First, we studied eight patients with a variety of POLG mutations (A467T/A467T, A467T/G848S, A467T/W748S, R627Q/W748S and R627Q/R1096H). In skeletal muscle biopsies, the overall burden of mtDNA variants was greater in patients with POLG mutations when compared with healthy control subjects, but only for MT-HV2, where the majority of variants were seen (P = 0.004) (Fig. 2A). The excess of mtDNA variants was present across all levels of heteroplasmy, and increased significantly with age (r = 0.86, P = 0.006), suggestive of a time-dependent accumulation of low-level somatic mutations. There was no significant correlation of mutation burden with age in healthy controls (r = 0.62, P = 0.14). Given that the mutational burden was significantly greater at lower heteroplasmy levels in POLG when compared with control subjects (for <1% heteroplasmy level variants, P = 0.019), these findings imply that that the higher mutational burden is primarily due to de novo somatic mutation in POLG patients.
We, then, studied multiple tissues from patients with mutations in OPA1 (M1fsX208, S545R, V294fsX667, R905X and intron 8 and intron 15 splicing defects). In contrast to the POLG patients, there was no significant increase in mutational burden in OPA1 patients when compared with healthy controls in either the blood or skeletal muscle for the MT-HV2 or MT-CO3 amplicons (Fig. 2A and B). These findings argue against an increased rate of de novo mutagenesis in patients with OPA1 mutations, consistent with there being no direct effect on the polymerase γ and in keeping with previous suggestions that accelerated clonal expansion of existing somatic mutations is responsible for the cellular cytochrome c oxidase defects (28). We studied the mutational burden in the skeletal muscle of one subject on two occasions 10 years apart. Six heteroplasmic variants were detected in the first muscle sample of this individual. All six variants were also detectable at comparable levels in the follow-up muscle sample taken 10 years later, although two variants in the second sample fell below the 0.2% threshold (0.17%, 0.06%). Overall, five variants showed a decrease in heteroplasmy level and one showed an increase over the 10 year period; however, the absolute changes were small (Supplementary Material, Table S5).
Determining whether very low-level variants are maternally inherited
Having identified low-level heteroplasmic mtDNA variants in the different pedigrees, we, then, compared related and unrelated individuals to determine the extent to which the mtDNA variants arose through maternal transmission or somatic mutation. We focused on families with known nuclear genetic defects associated with mtDNA maintenance because of the larger number of variants available for scrutiny (i.e. increased signal strength).

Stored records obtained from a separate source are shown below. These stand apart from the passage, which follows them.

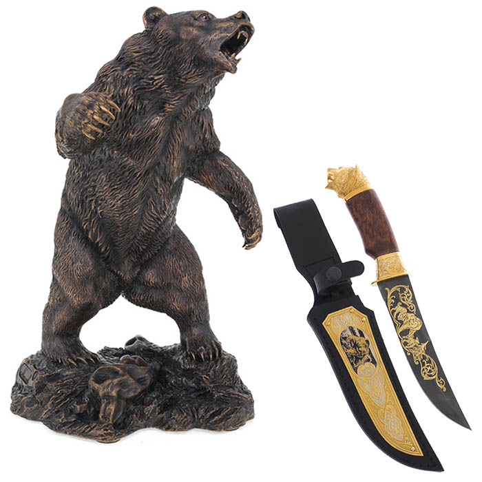 Gift set "Bear" with hunting knife and sculpture "Connecting rod Bear"
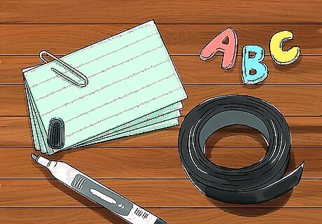 Find certain tools that can help you organize and label. Pick out tools and materials that make organizing and labeling easier for you. You may want to consider getting: White 3 x 5 inch index cards Jumbo colored paper clips Colored adhesive labels Colored electrical or plastic tape Wide-tip markers Flair felt-tip pens Laundry markers Hook-and-loop fastener Foam alphabet letters Self-stick magnetic tape
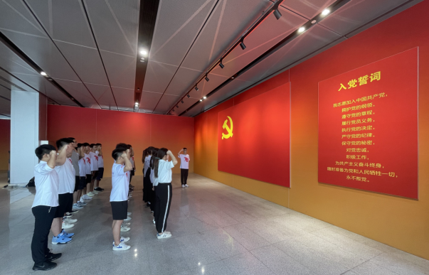 在解说员的引导下,师生党员深入了解了青岛党史波澜壮阔的发展历程,深刻感悟了党百年奋斗历程中青岛承担的历史责任与担当,深切体会到青岛在党领导下取得的翻天覆地的变化。“我志愿加入中国共产党,拥护党的纲领,遵守党的纪律……”在员工党员的带领下,全体党员面对鲜艳的党旗重温入党誓词,重温入党时的郑重承诺和时代使命。
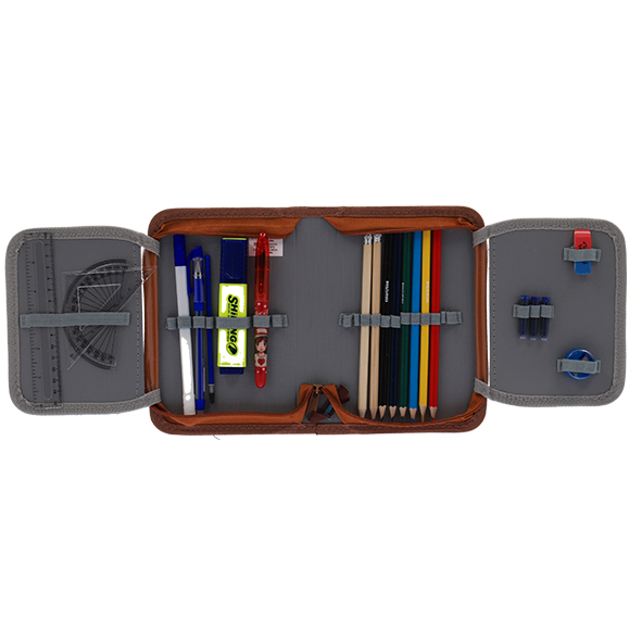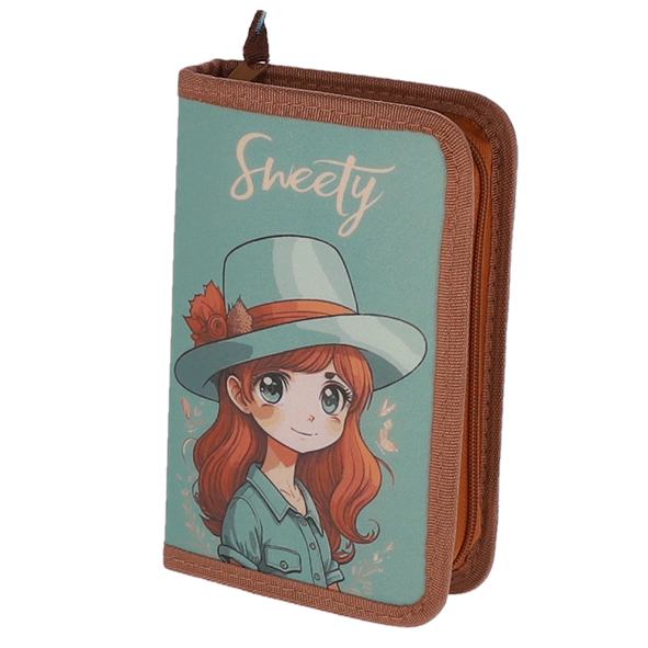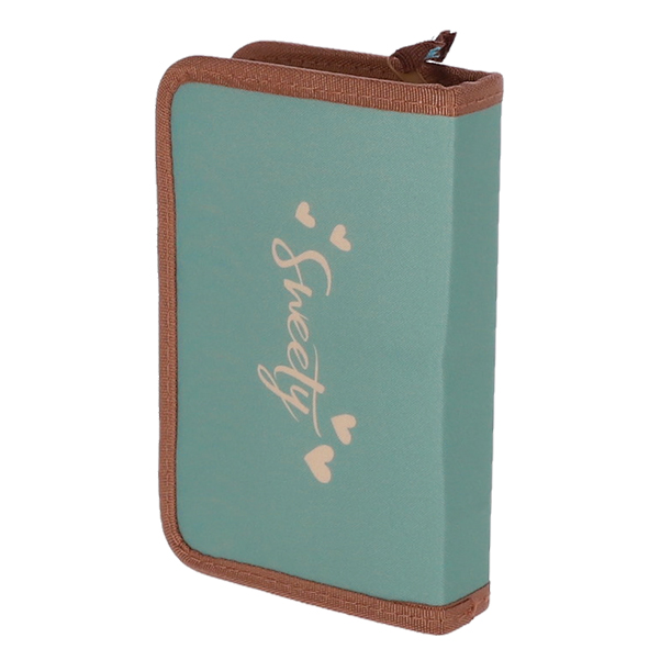 Penar verde Sweety de la Pigna cu un fermoar si 2 extensii, echipat cu 23 piese: un stilou, un pic corector, un textmarker, un pix cu stergere, o rezerva pentru pix cu stergere, 6 creioane colorate, o radiera, o ascutitoare, 2 creioane HB cu radiera, o rigla de 15cm, un echer, un raportor, 3 rezerve de cerneala si 2 orare.

We compared 13 pairs of samples from 12 maternal first-degree relatives, including one subject with repeated blood and muscle samples taken 10 years apart. To determine the background level of similarity between unrelated individuals, we compared the same tissue between 79 different random pairs of unrelated subjects. Out of 485 variants, 59 variants were common in unrelated subjects (12%). In contrast, when the analysis was restricted to first-degree maternal relatives, 25/63 variants were shared (40%, P < 0.001, Table 1). We also compared the frequency of sharing between 13 pairs of related individuals and 13 random pairs of unrelated controls. This also repeatedly revealed a highly significant difference (P < 0.001), adding further weight to our conclusions. On average, 39% of variants in a given individual were shared with their maternal relative. Interestingly, shared variants in related subjects were principally seen in the skeletal muscle mtDNA, where 17/24 variants were shared (71%), compared with 50/395 variants shared in unrelated subjects (13%, P < 0.001). In contrast, variant sharing in related subjects was rather uncommon in the blood mtDNA, where 8/39 variants were shared (21%) when compared with 9/90 variants in unrelated subjects (10%, P = 0.10).
Table 1.
Table 1.
Extent of sharing of variants in 13 pairs of maternally related and 79 pairs of unrelated samples
These findings have two implications. First, some of the more common MT-HV2 variants are present in the background population at very low heteroplasmy levels. Second, 4-fold more variants are family specific and are transmitted between first-degree maternal relatives. Although it is not possible, without longitudinal study, to state exactly what proportion of variants are due to somatic mutation, the data clearly show that a large proportion appear to be inherited at very low heteroplasmy levels.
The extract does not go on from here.